Taken together, we identified a strong positive correlation of active chromatin marks and transcription factors with CTCFL, which is not seen for CTCF. In contrast, cohesin complex components are enriched at CTCF-only sites and depleted from CTCFL-only locations.
Cell-specific binding of CTCFL is driven by chromatin ‘openness’
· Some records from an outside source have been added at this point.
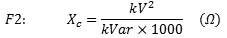 The following calculation can be used to calculate the capacitive reactance of a single phase capacitor commonly used on medium and high voltage capacitor banks. Use formula F1 when frequency and the capacitance of the capacitor are known. Use Formula F2 when the capacitor voltage and kvar are known.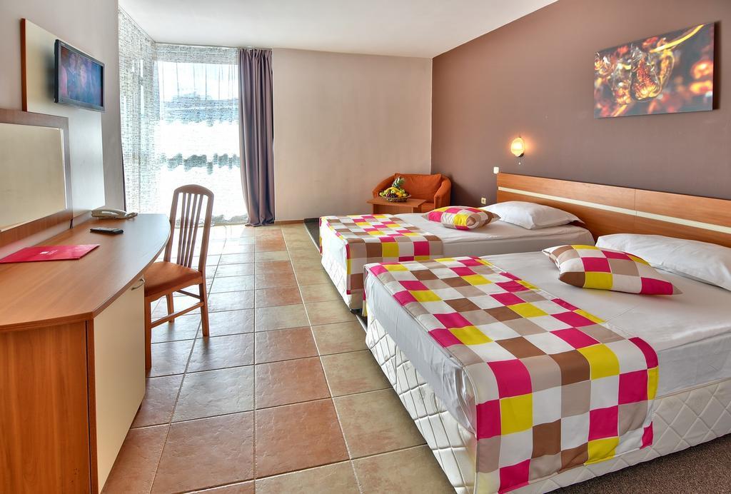 This charming hotel is located in Golden Sands, 250 meters from the beach and 200 meters from the resort's center. The hotel consists of two buildings, one six stories and the other seven, and offers 294 double rooms, 18 apartments, 6 studios, and 7 single rooms. COOEE Mimosa Sunshine Hotel also features a classic restaurant, a Bulgarian restaurant called 'Yaroslavtsi, ' a lobby bar, a pool bar, a 'Daiquiri' bar, a COOEE bar, two outdoor pools, and one indoor pool with a gym. An animation team entertains guests throughout the day with games and evening show programs. For children, the hotel offers two children's pools, a kids' club, and animation activities. The 'Mimosa Wellness & Spa' center offers hairdressing, manicures, facials, and various spa treatments.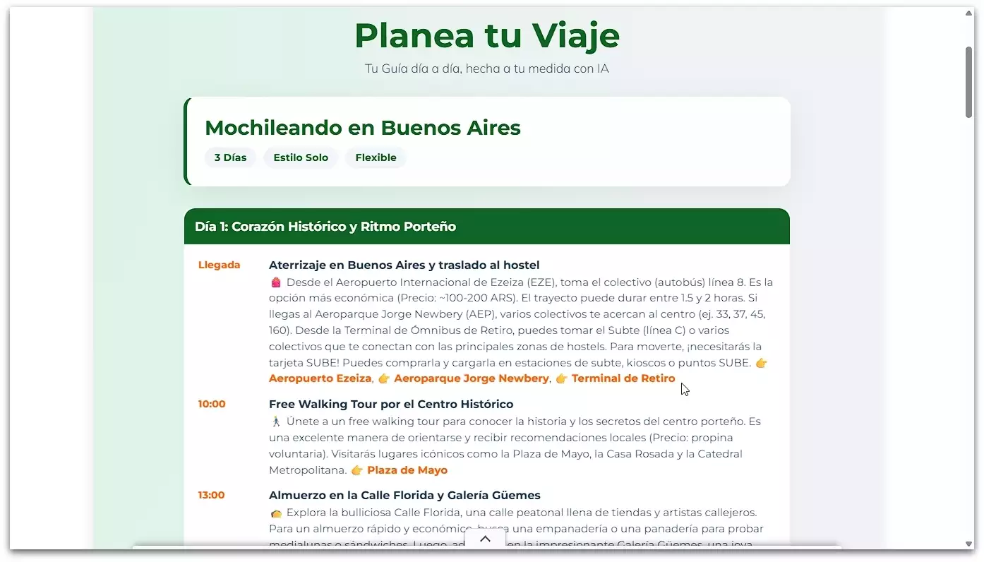 Al hacer clic en «Generar Plan de Viaje con IA», obtendrás un itinerario detallado día por día, con consejos de seguridad, tips sobre los platos típicos del lugar, actividades imperdibles y mucho más. Y lo mejor: puedes descargar todo el plan en PDF.
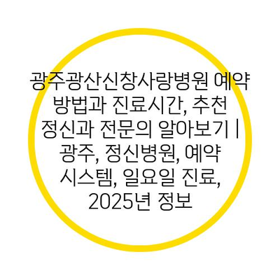 광주광산신창사랑병원 예약 방법과 진료시간, 추천 정신과 전연락 알아보기 | 광주, 정신병원, 예약 시스템, 일요일 진료, 2025년 정보 에 대해 자주 묻는 질문 TOP 5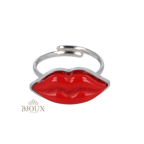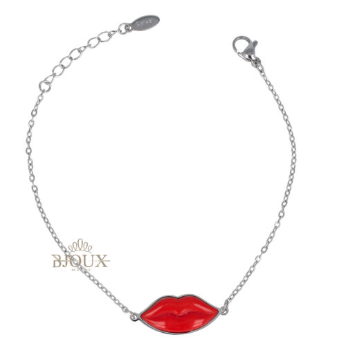 Idea regalo composto da un bracciale da donna in acciaio inossidabile con bacio rosso smaltatoย cm abbinato ad anello regolabile con bacio da 2 cm.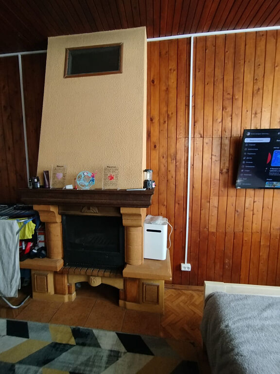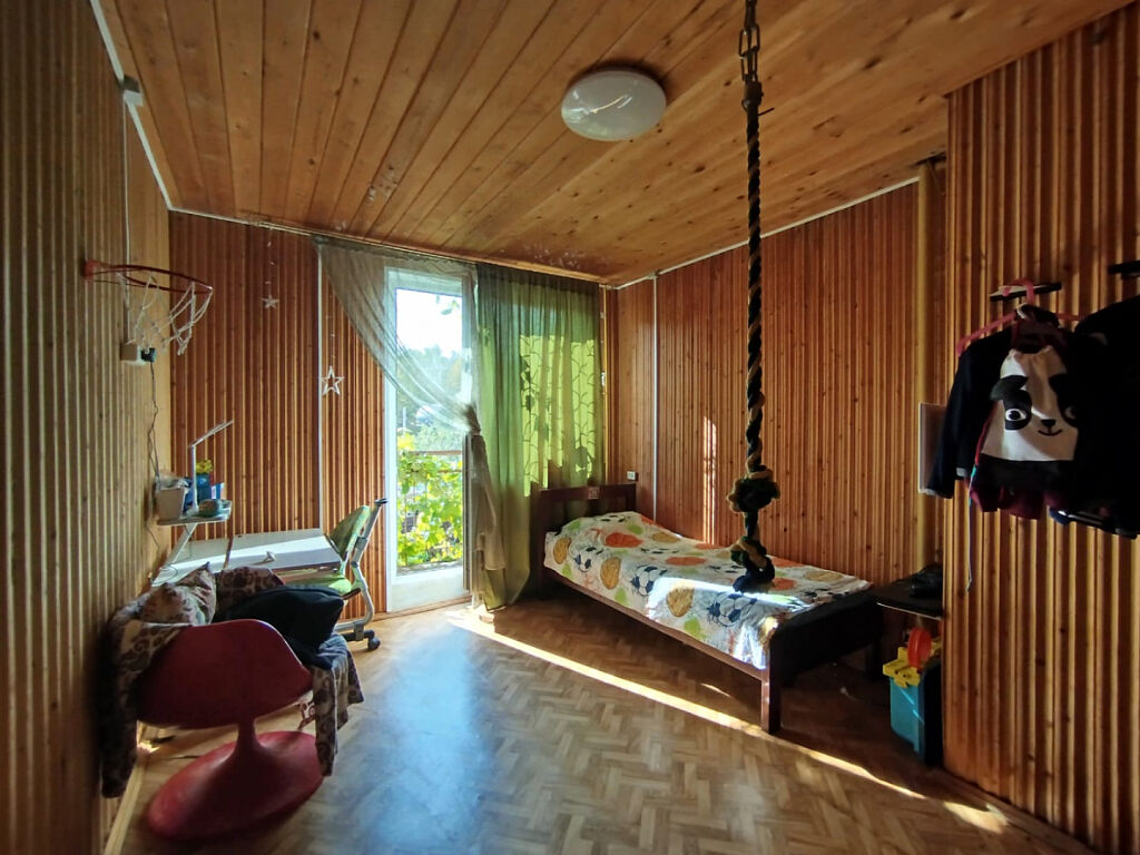 1 этаж: прихожая с теплым полом, просторная кухня – гостиная, санузел, изолированная комната с камином; 2 этаж: 3 изолированные комнаты, одна комната с балконом, есть еще один застекленный балкон.
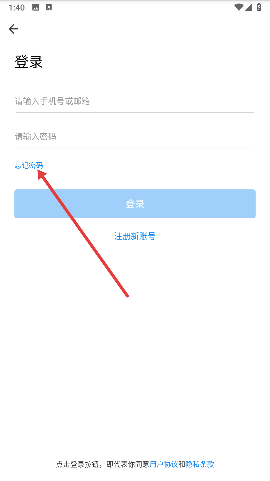 1、在登錄頁面,點擊【忘記密碼】選項,進入密碼找回流程。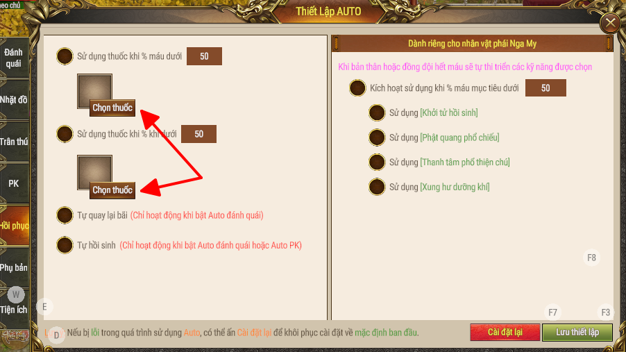 hồi phục theo % mong muốn và tự động sử dụng skill hồi phục đối với phái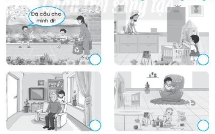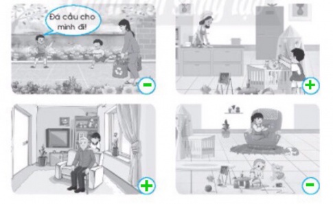 Câu 3. Viết dấu + vào O ở hình chỉ hành động em đồng tình, viết dấu - vào o ở hình chỉ hành động em không đồng tình.
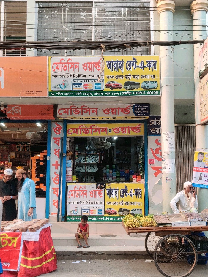 Medicine World, located in Taltola, Dhaka, is a reliable pharmacy offering a comprehensive range of medicines and healthcare products. The store provides local and imported prescription and over-the-counter drugs, ensuring customers have access to essential healthcare solutions. In addition, Medicine World stocks vitamins, supplements, and personal care items to support overall wellness. Known for its professional service, quality products, and customer-focused approach, the pharmacy serves the local community with safe, convenient, and dependable healthcare options.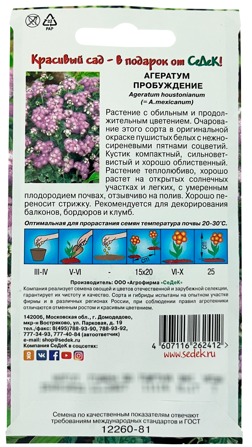 АГЕРАТУМ ПРОБУЖДЕНИЕ СеДеКОчарование этого сорта - в оригинальной и необыкновенно нежной окраске пушистых соцветий. Кустик компактный, сильноветвистый и хорошо облиственный. Многочисленные цветки собраны в небольшие соцветия-корзинки. Растение теплолюбиво, хорошо растет на открытых солнечных участках и легких, с умеренным плодородием почвах; отзывчиво на полив. После стрижки быстро отрастает и обильно цветет. Рекомендуется для декорирования балконов, бордюров, как горшечная культура.
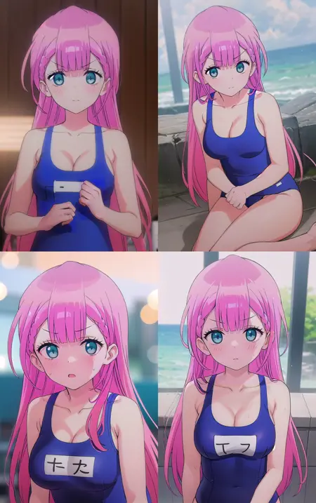 1girl, pink hair, blue eyes, long hair, bangs, breasts, medium breasts,

CTCFL expression is highly restricted to spermatogenesis and to specific cancer types and cell lines (see K562 cells above) and occurs in addition to the ubiquitous expression of CTCF. In order to analyse the binding specificity of both factors, we mimicked the in vivo situation by conditional expression of CTCFL in cell lines in addition to the endogenous expression of CTCF. We generated CTCFL expressing mouse NIH3T3 and P19 cell clones. To investigate possible cell-type specific binding patterns for CTCFL due to differential chromatin composition we generated genome-wide binding maps in the inducible NIH3T3 and P19 clones. First, we confirmed the specificity of the antibodies used. The CTCFL antibody (CTCFL S6 (12)) specifically recognizes murine CTCFL and not human CTCFL (Supplementary Figure S2). In addition to western blots, the most stringent tests for specificity are ChIP experiments. The CTCF antibody shows ChIPseq signals at sites known to be bound by CTCF (29). The CTCFL antibody is specific for CTCFL as ChIPseq peaks are only detectable after CTCFL expression (Supplementary Figures S3 and S4) and a substantial number of sites are specific for CTCFL and devoid of CTCF (Supplementary Figure S4 and see below, Figure 2B). We than studied the general distribution of the factors over genomic features in the two cell clones. We mapped the binding sites to the features and compared these fractions with the genomic percentage of these features (Figure 2A). In the cell clones we find the genomic associations to be fairly similar. CTCFL shows in both cell types a higher enrichment for regions associated with open chromatin, like TSSs (40), as compared to CTCF (Figure 2A). When comparing the cell types in respect to CTCF, the association with TSSs is less frequent in P19 cells with an increase for intergenic binding. Of all identified binding sites only 1,354 are bound by both factors in both cell types, with varying levels of overlap between the datasets (Figure 2B). CTCF sites are generally more conserved between the cell lines with 41% of 3T3-CTCF sites also present in P19 (Figure 2C). In contrast, only 13% of the 3T3-CTCFL sites are shared (Figure 2C). Taken together, for each of the factors CTCF and CTCFL we find a similar distribution in respect to the genomic features in the two cell types. Nevertheless, the binding site choice of CTCFL is highly cell-specific.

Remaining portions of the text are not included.